What is expected: Please give back the listing exactly, without any of its pictures.

Provided material:

*** Block opens ***

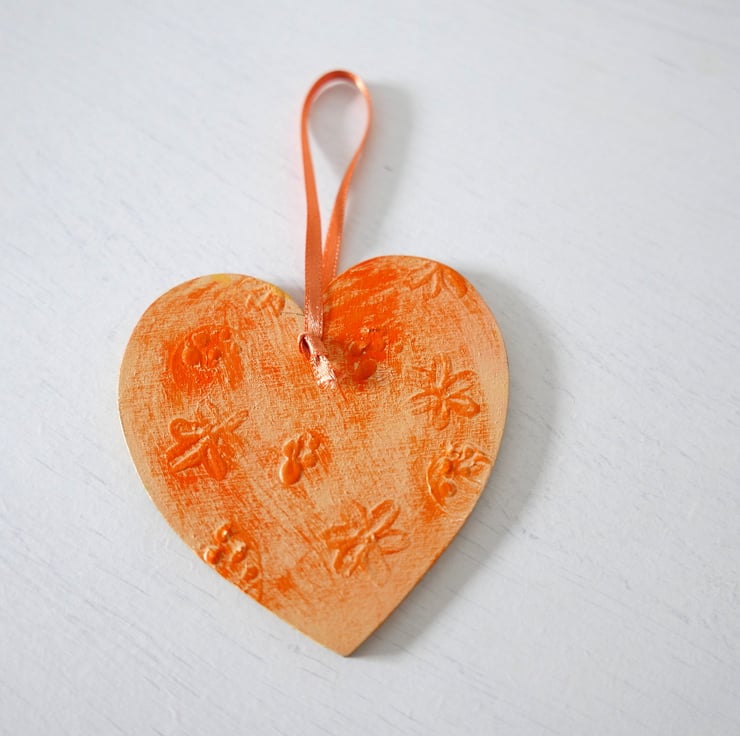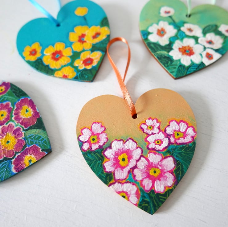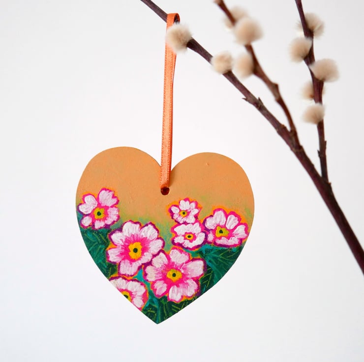 This hanging heart is hand-painted by me with acrylic paint on plywood and it is varnished for protection with gloss varnish. It features pink primrose flowers against a green and yellow background. The heart finished with a light orange ribbon for hanging. The last two photos show a collection of spring flowers heart available so if you wish to acquire more, you can mix and match the design to your taste.
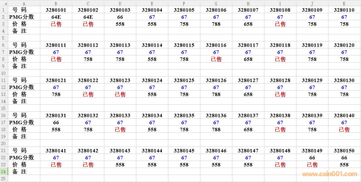 評級普通(精制)紀念幣交易
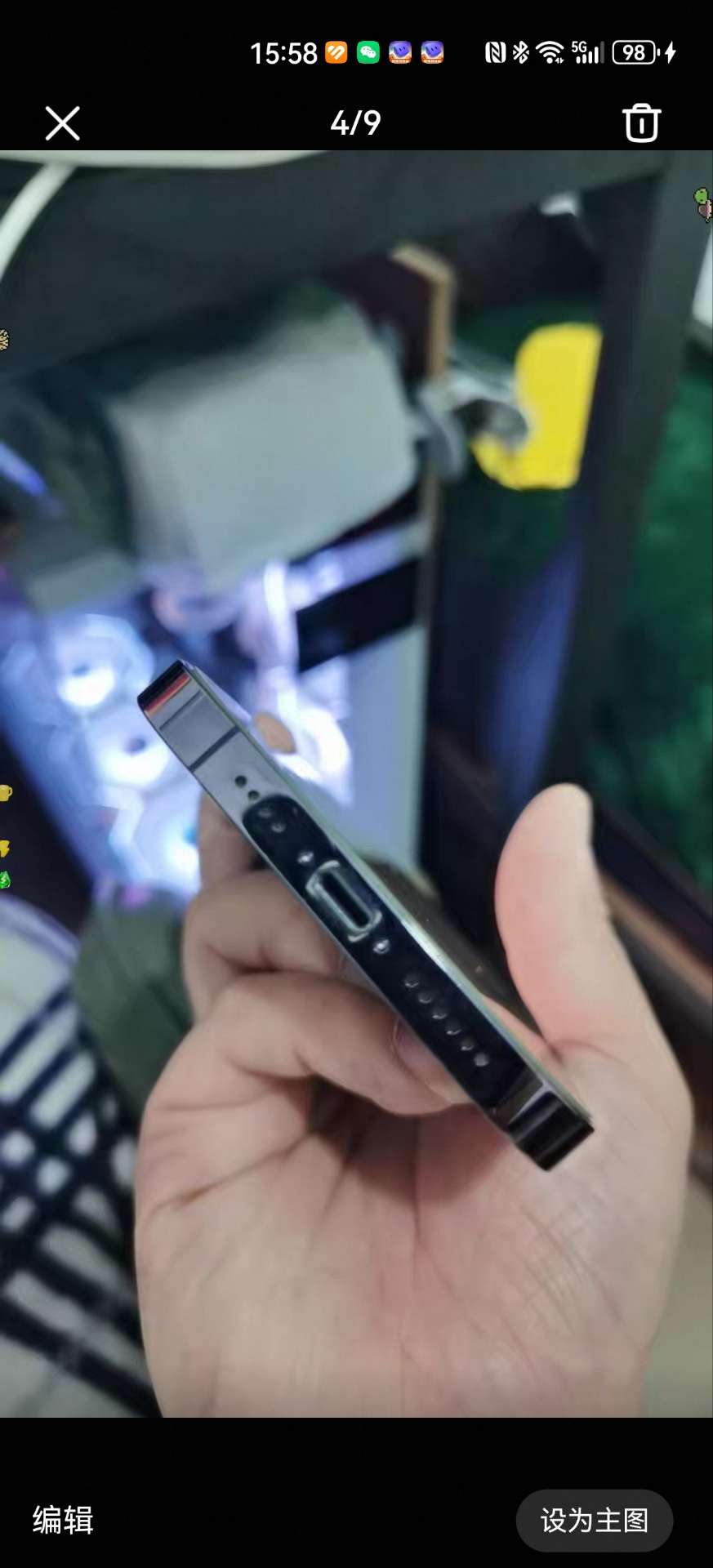 外观成色很新,边框有点小划痕,屏幕无划痕,就是顶了一下,出了个黑点,不会扩大
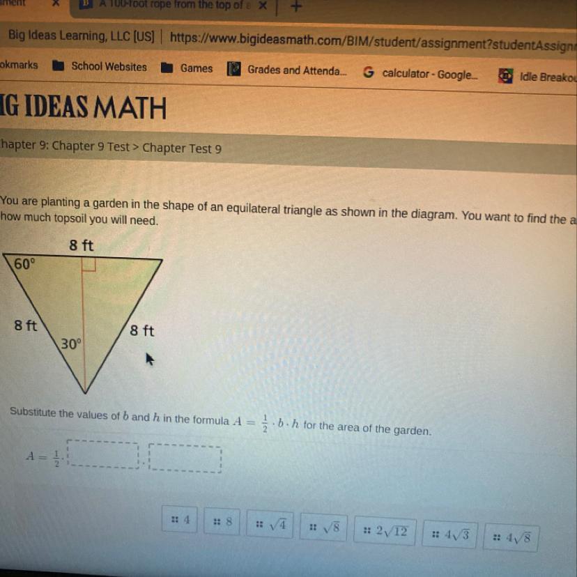 You Are Planting a garden in the shape of an equilateral triangle as shown in the diagram. You want to find the area of the gard

*** Block closes ***

Written response:
 This hanging heart is hand-painted by me with acrylic paint on plywood and it is varnished for protection with gloss varnish. It features pink primrose flowers against a green and yellow background. The heart finished with a light orange ribbon for hanging. The last two photos show a collection of spring flowers heart available so if you wish to acquire more, you can mix and match the design to your taste.
 評級普通(精制)紀念幣交易
 外观成色很新,边框有点小划痕,屏幕无划痕,就是顶了一下,出了个黑点,不会扩大
 You Are Planting a garden in the shape of an equilateral triangle as shown in the diagram. You want to find the area of the gard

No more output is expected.